If you want users to post content without using HTML, consider utilizing user-side light markup systems instead. These systems can generate HTML without the need for direct HTML input.
I thought about using regex to remove all script tags and JavaScript attributes like onload and onclick.
However, attempting to process HTML with regex is not a reliable solution, especially when considering security implications. Attackers could intentionally submit malformed markup that would bypass your regex filtering.
If possible, encourage users to input XHTML as it is easier to parse. While regex may not be suitable for this task, using a simple XML parser to validate elements and attributes can help ensure that any potentially harmful content is removed before display.
HTML Purifier modifies HTML while maintaining its original format.
But why is preserving the original HTML important? If it's for editing purposes, then it's best to purify the HTML on output rather than during submission.

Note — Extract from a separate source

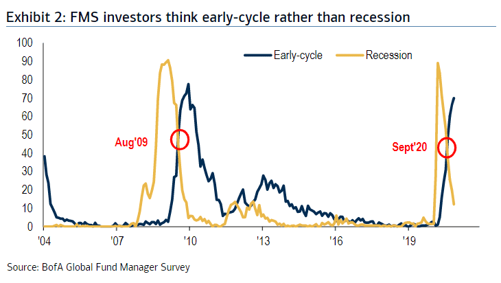 Many more investors say the global economy is in an early-cycle phase (70%, highest since January 2010) as opposed to recession (12%), which as seen in 2009 & 2012 is a key recovery milestone. <br>

If allowing users to input free-form HTML is necessary, consider using HTML Purifier with a whitelist approach to ban unsafe elements and attributes. Although complex and requiring regular updates, it offers better protection than attempting to filter input with regex.
I don't want to buy a new domain just for this purpose.
You can use a subdomain if necessary, but be cautious of authentication token security between subdomains to prevent unauthorized access. If you're concerned about user scripting capabilities, restrict their access to avoid potential security risks such as attack scripts or malware injections.